Безмолвная жизнь со старым ботинком.
Шрифт:
Но однажды утром, тихим и нежным, как дыхание спящего ребенка, мы пришли и увидели и поняли, что ошибались. Хижина была обнесена диковинной оградой — невесомой и блестящей сетью. Со стороны моря она разрывалась, тонко намекая, что гостей ждут только с той стороны. Сеть вздымалась и опадала, улавливая солнечные лучи, и звенела — да, печально и тихо звенела. Старухи не было видно, и мы, воровато оглядываясь, подошли поближе. Сеть держалась на длинных деревянных шестах, уходя ввысь и изгибаясь, словно бы желая сомкнуться над хижиной, защитить ее звенящим цирковым куполом. К тонким нитям чудо-сети крепились всевозможные подвески: ракушки, стеклянные бусины, кусочки цветного стекла, фигурки из картона и фольги. Все это трепетало, празднично шелестя, стукалось лбами, цокало, сплеталось и путалось на ветру. Сонные, лежали за нашими спинами горы, обхватив пляж, как подушку руками, подставив солнцу желтые точеные колени; серые волны зевали, прикрывая зеленую пасть пенной рукой, и — уже знакомый — чистый, насквозь пробирающий звон
Постояв в самом сердце серебристой волшебной кудели, опоенные звоном, мы решили добавить к нему свои голоса: Карасик принес и повесил на сеть брелок в виде якоря, Дюк — сложенную в самолетик страницу из "Облака в штанах", я — воздушный шар, и он сочным сладким пурпуром горел и метался на жарком ветру. Узнав о сетях, город презрительно фыркнул и отвернулся, но ночью, за спиной у снобизма, многие последовали нашему примеру: пришли и привязали к сети свои голоса.

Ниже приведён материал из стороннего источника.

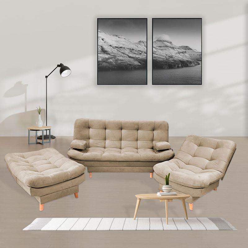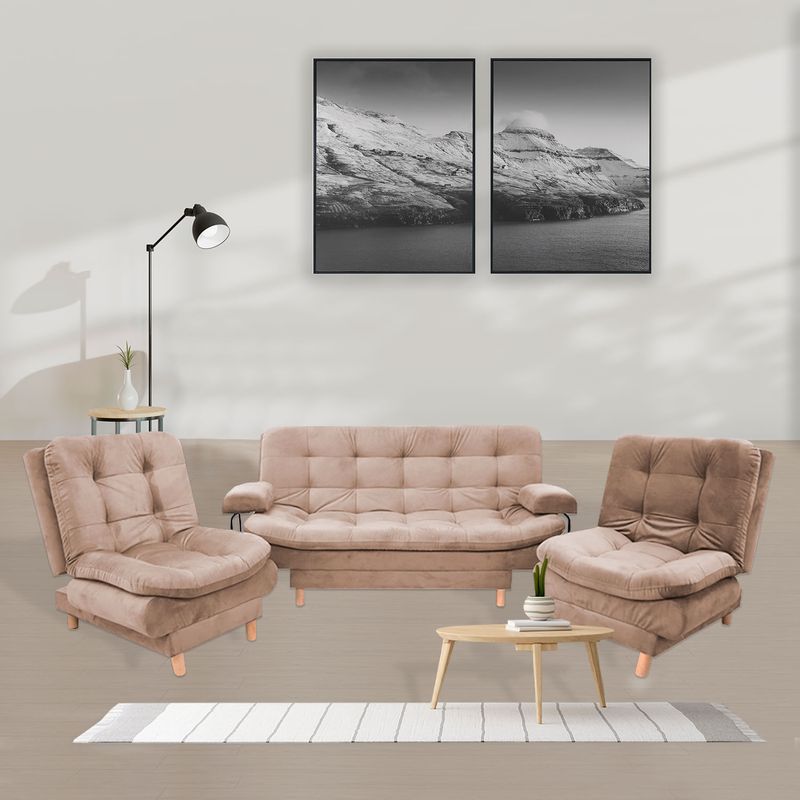 Sala Clic Clac 175x90cm incluye dos sillas y un sofá cama 3 posiciones Camel

Не знаю, чем она жила. В городе старуха почти не показывалась, сделав исключение только для обветшалого продуктового магазинчика на окраине, где рядом с буханками хлеба ютились деревянные прищепки и средство от запоров. Здесь пахло заваркой и ванильными сухарями, было тесно, душно, винно и густо-коричнево, как на полотнах чопорных, засиженных мухами академиков. Была здесь и круглая шляпа над неопознанным натюрмортом, и кадка для масла, и узкие, проторенные солнечным светом окошки; единственное, чего недоставало, — это большого остывшего очага и глазастой чернявой собачонки под прилавком. Над входом в магазин некогда цвело виньеточное "Бакалея", но годы, надкусив буквы и завитки, оставили от блистающего продуктового мира немного темной лирики с грамматической ошибкой. Закрыв за собой входную дверь, вы понимали, что пойманы, зафиксированы крепким, до горечи настоянным временем, что вас циркулем уложили в бархатный желобок, усадили в углу, задвинули ширмами. Наверное, это и прельстило старуху.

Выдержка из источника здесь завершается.